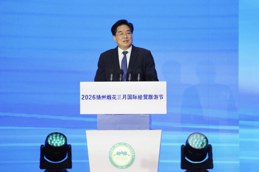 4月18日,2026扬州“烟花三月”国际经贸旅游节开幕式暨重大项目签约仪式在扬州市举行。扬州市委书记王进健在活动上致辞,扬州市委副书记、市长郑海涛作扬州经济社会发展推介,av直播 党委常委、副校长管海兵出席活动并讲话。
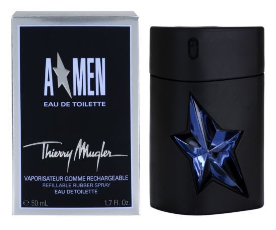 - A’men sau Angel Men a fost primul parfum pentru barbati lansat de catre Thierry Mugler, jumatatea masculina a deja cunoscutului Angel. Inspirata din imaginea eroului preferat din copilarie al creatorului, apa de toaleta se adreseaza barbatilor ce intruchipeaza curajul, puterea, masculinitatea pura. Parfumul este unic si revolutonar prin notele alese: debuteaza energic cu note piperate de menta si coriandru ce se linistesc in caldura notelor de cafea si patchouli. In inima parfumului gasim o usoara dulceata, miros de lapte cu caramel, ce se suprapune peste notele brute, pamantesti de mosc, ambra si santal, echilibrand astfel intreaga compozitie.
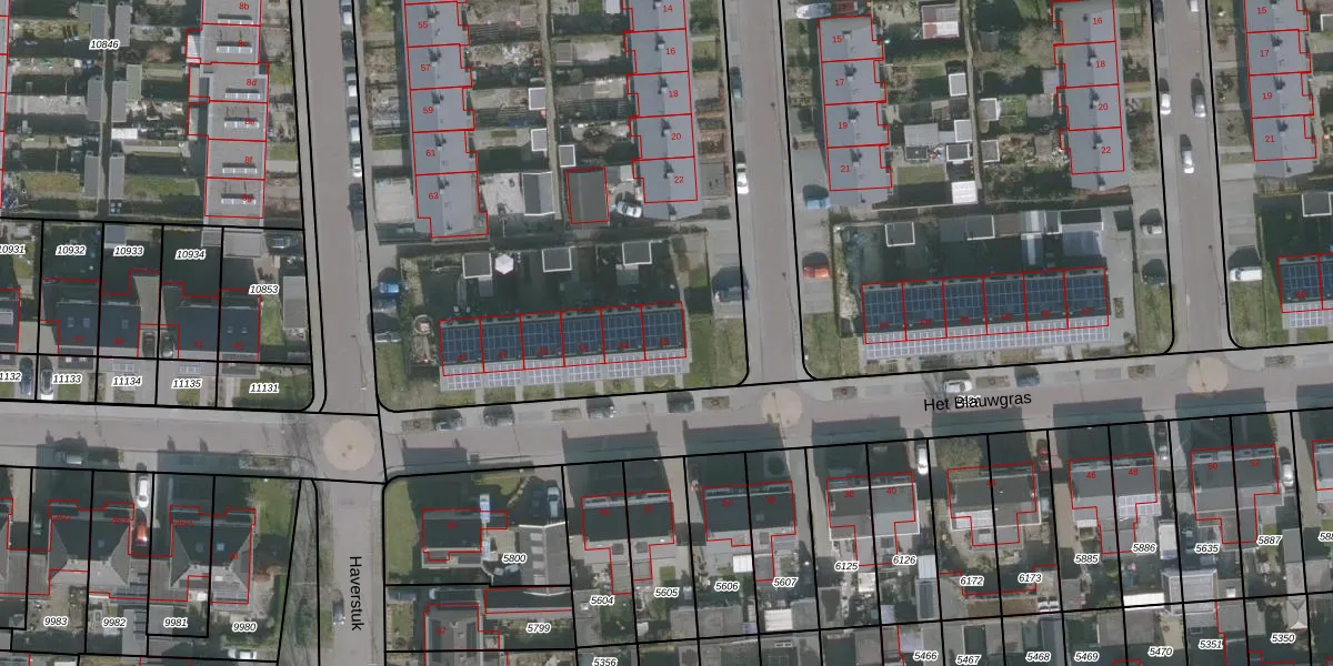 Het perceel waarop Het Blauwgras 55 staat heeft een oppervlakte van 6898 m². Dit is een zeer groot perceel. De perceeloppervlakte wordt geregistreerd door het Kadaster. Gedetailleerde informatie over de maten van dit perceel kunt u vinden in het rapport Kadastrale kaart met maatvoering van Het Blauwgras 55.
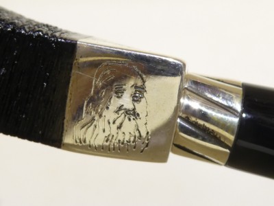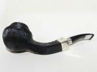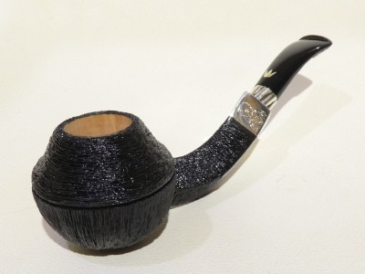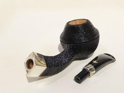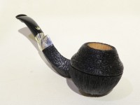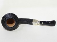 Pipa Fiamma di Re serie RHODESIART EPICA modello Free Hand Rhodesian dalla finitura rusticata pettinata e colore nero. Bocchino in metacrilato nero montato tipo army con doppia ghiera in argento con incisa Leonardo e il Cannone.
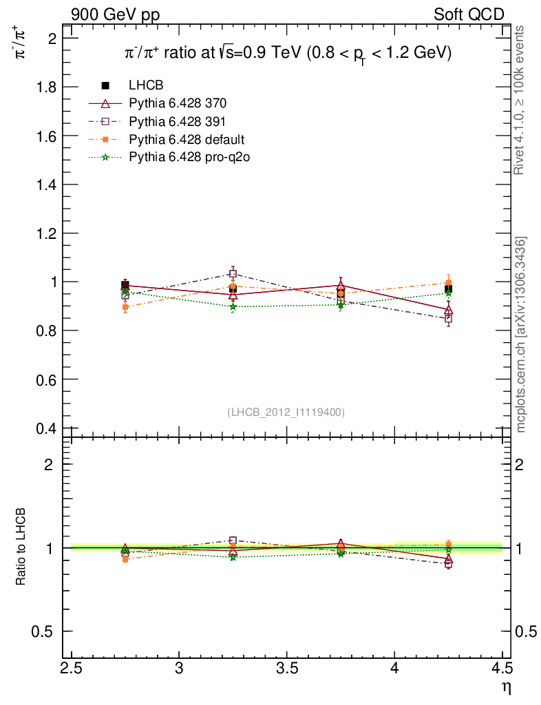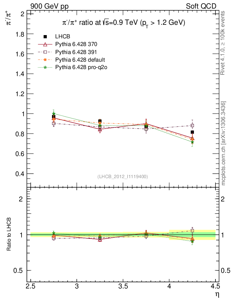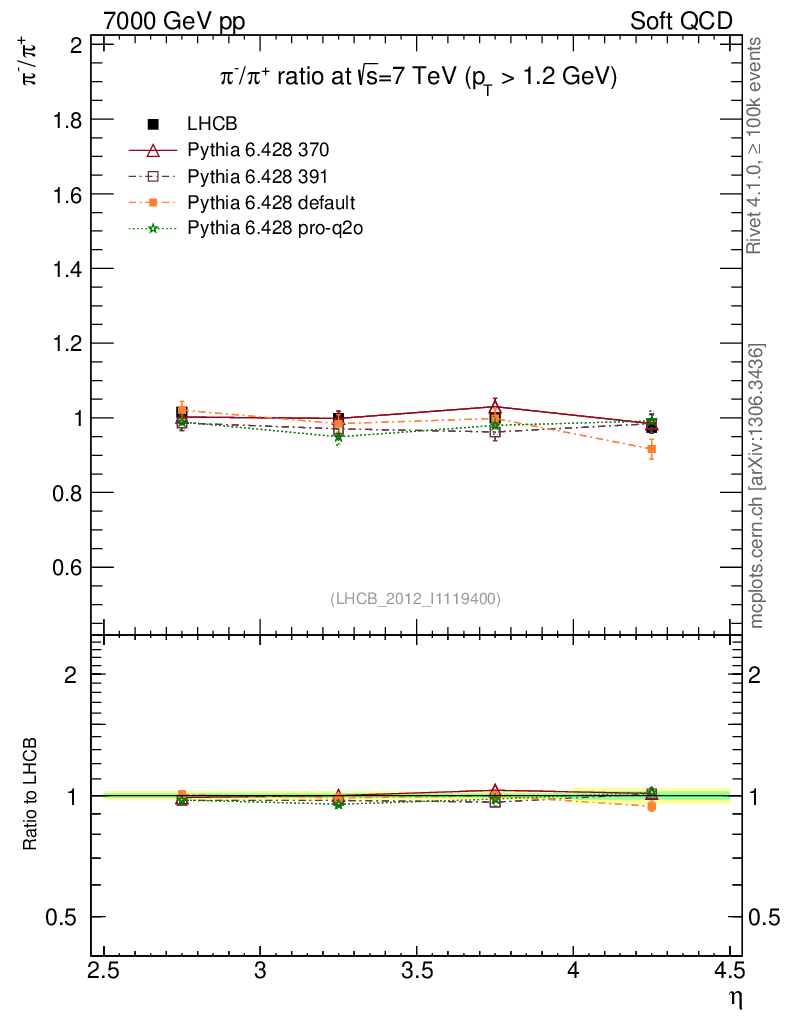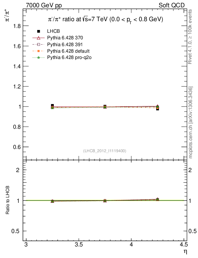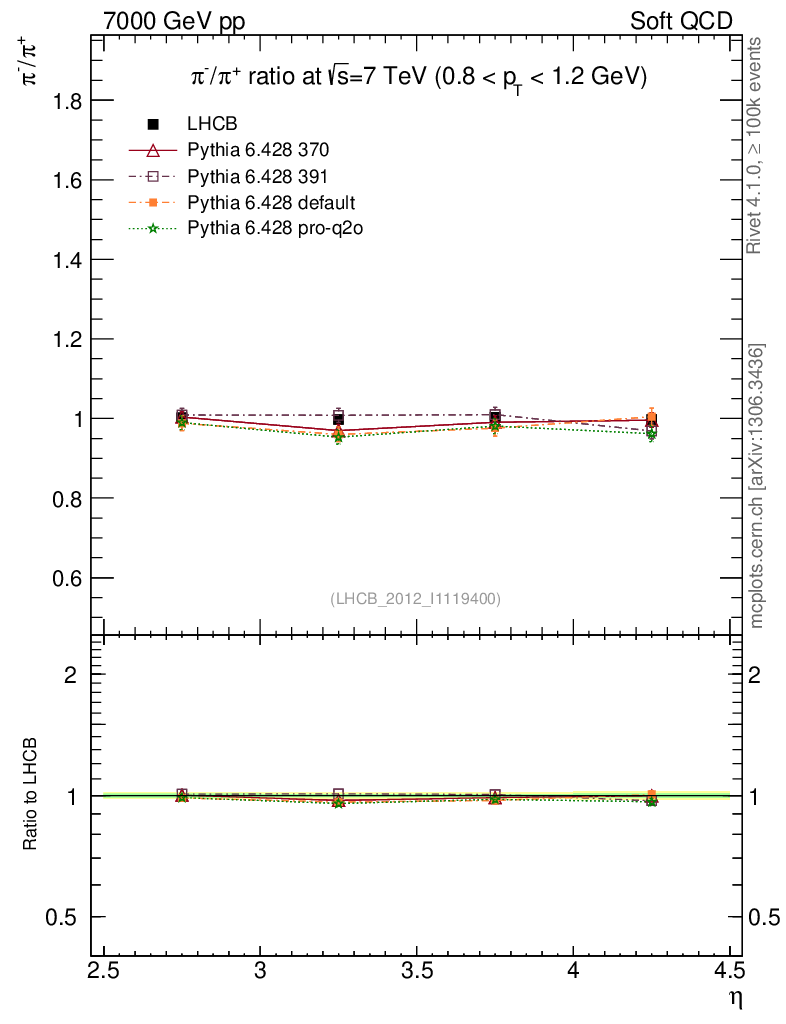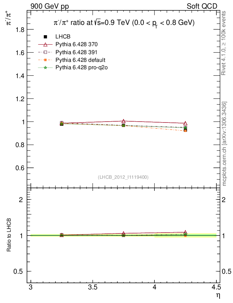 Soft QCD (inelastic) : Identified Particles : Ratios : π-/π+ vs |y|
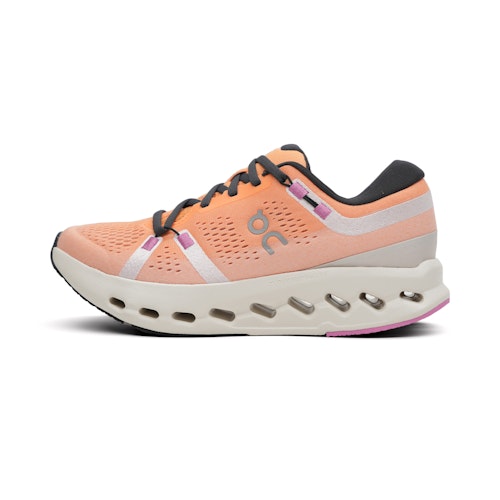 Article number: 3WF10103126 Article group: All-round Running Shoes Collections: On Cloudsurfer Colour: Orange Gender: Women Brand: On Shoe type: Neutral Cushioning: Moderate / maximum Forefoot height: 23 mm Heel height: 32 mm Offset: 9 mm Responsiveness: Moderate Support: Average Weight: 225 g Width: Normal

+===+

* _WHAT YOU HAVE TO DO_:
Reprint every record exactly and skip the pictures.

* _FINISHED TASK_:
 4月18日,2026扬州“烟花三月”国际经贸旅游节开幕式暨重大项目签约仪式在扬州市举行。扬州市委书记王进健在活动上致辞,扬州市委副书记、市长郑海涛作扬州经济社会发展推介,av直播 党委常委、副校长管海兵出席活动并讲话。
 - A’men sau Angel Men a fost primul parfum pentru barbati lansat de catre Thierry Mugler, jumatatea masculina a deja cunoscutului Angel. Inspirata din imaginea eroului preferat din copilarie al creatorului, apa de toaleta se adreseaza barbatilor ce intruchipeaza curajul, puterea, masculinitatea pura. Parfumul este unic si revolutonar prin notele alese: debuteaza energic cu note piperate de menta si coriandru ce se linistesc in caldura notelor de cafea si patchouli. In inima parfumului gasim o usoara dulceata, miros de lapte cu caramel, ce se suprapune peste notele brute, pamantesti de mosc, ambra si santal, echilibrand astfel intreaga compozitie.
 Het perceel waarop Het Blauwgras 55 staat heeft een oppervlakte van 6898 m². Dit is een zeer groot perceel. De perceeloppervlakte wordt geregistreerd door het Kadaster. Gedetailleerde informatie over de maten van dit perceel kunt u vinden in het rapport Kadastrale kaart met maatvoering van Het Blauwgras 55.
 Pipa Fiamma di Re serie RHODESIART EPICA modello Free Hand Rhodesian dalla finitura rusticata pettinata e colore nero. Bocchino in metacrilato nero montato tipo army con doppia ghiera in argento con incisa Leonardo e il Cannone.
 Soft QCD (inelastic) : Identified Particles : Ratios : π-/π+ vs |y|
 Article number: 3WF10103126 Article group: All-round Running Shoes Collections: On Cloudsurfer Colour: Orange Gender: Women Brand: On Shoe type: Neutral Cushioning: Moderate / maximum Forefoot height: 23 mm Heel height: 32 mm Offset: 9 mm Responsiveness: Moderate Support: Average Weight: 225 g Width: Normal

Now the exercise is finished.